(Input data)

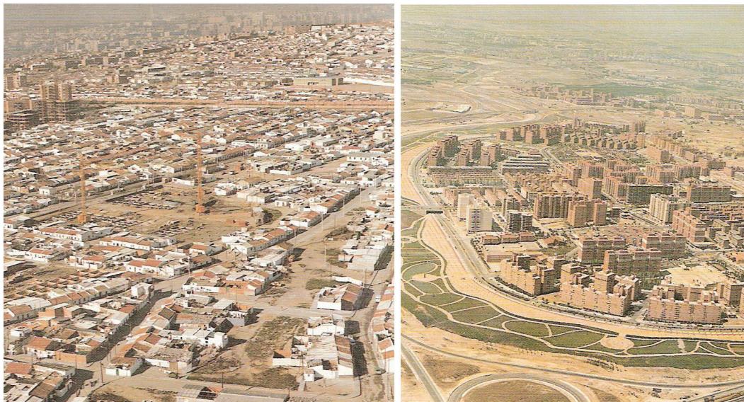
Figura 1. Barrio de Palomeras antes y después de la remodelación. Fuente: Villasante et al., 1989.

El proceso de remodelación de barrios de Madrid es un éxito incuestionable en cuanto a sus cifras: remodelación de 28 barrios, con sus correspondientes equipamientos (incluidos tres grandes parques), 150.000 vecinos alojados en 40.000 viviendas, con una media de 100 m 2 de superficie (UNHABITAT, 1996). Sin embargo, hay algunas sombras: los nuevos barrios son casi exclusivamente residenciales y carecen de soporte para actividades productivas que puedan ofrecer empleo a los vecinos, mientras que las nuevas viviendas corresponden exactamente a los estándares burgueses de la época, incluso los superan, pero muchas veces no responden a las necesidades y capacidades de sus ocupantes que tienen dificultades para adaptarse a un nuevo estilo de vida o para mantener adecuadamente las viviendas (Villasante et al., 1989). Pero el principal problema es que no hay solución para las generaciones más jóvenes: los hijos de los realojados tendrán el destino que sus padres consiguieron esquivar y acabarán expulsados al extrarradio por el mercado inmobiliario.
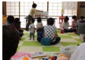
読み聞かせの様子

地活協の活動は地域の掲示板や情報誌、ブログやSNSなどを活用して発信されています。まずはご自身の地域で気になる情報を探してみてください。浪速区役所6階にある地活協の専用ラックでも地域の新聞等を配布中です。
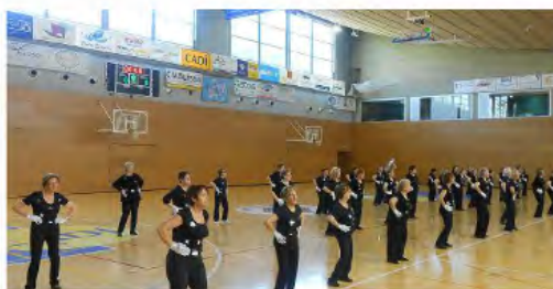
Balls en línia
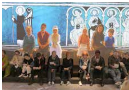
Le Lumeum a été inauguré dans le cadre d'une cérémonie œcuménique, avec des prières et des chants.
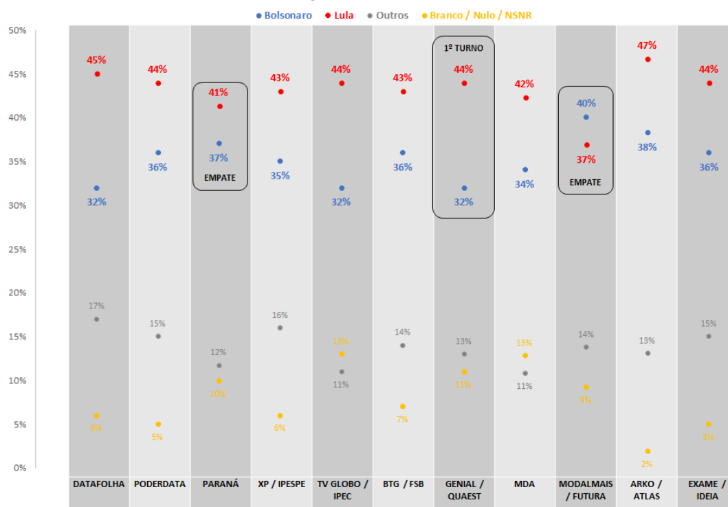
GRÁFICO DO % DE INTENÇÃO DE VOTO DE DIFERENTES INSTITUTOS

A onda de certeza que vem marcando esta eleição tem levado muitos a ignorar até questionamentos comuns, como (1) a ordem das perguntas nos questionários e o efeito deletério de fazer perguntas de contexto antes da intenção de voto; (2) o impacto do “shy voter” sobre a Não Resposta; e (3) a própria diferença absoluta no percentual de Não Resposta, sejam Brancos, Nulos, Nenhum ou Não Sabe no total do Brasil, e nos Estados e Regiões em particular.
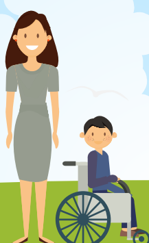
НЕРАБОТАЮЩИЕ, ОСУЩЕСТВЛЯЮЩИЕ УХОД ЗА РЕБЕНКОМ ИНВАЛИДОМ В ВОЗРАСТЕ ДО 18 ЛЕТ
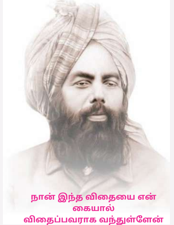
நான் இந்த விதையை என் கையால் விதைப்பவராக வந்துள்ளேன்
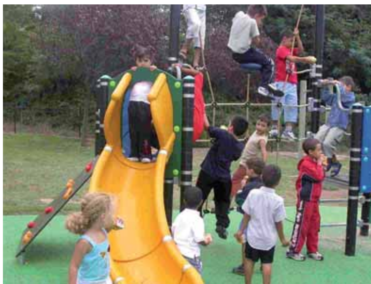
On grimpe, on glisse, on saute, chacun trouve son bonheur.

Les petits Beaucairois sont particulièrement gâtés. La mairie, à travers le service du Cadre de Vie a inauguré de nombreux aménagements au sein des jardins d'enfants en divers lieux de la ville.
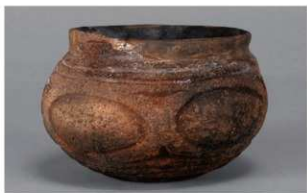
7 H-5出土土器 (第142图42)

(End Input data)

_Work order_
Check every line of the entries above, and copy those that carry the string "inauguré".

_Task answer_
Le Lumeum a été inauguré dans le cadre d'une cérémonie œcuménique, avec des prières et des chants.
Les petits Beaucairois sont particulièrement gâtés. La mairie, à travers le service du Cadre de Vie a inauguré de nombreux aménagements au sein des jardins d'enfants en divers lieux de la ville.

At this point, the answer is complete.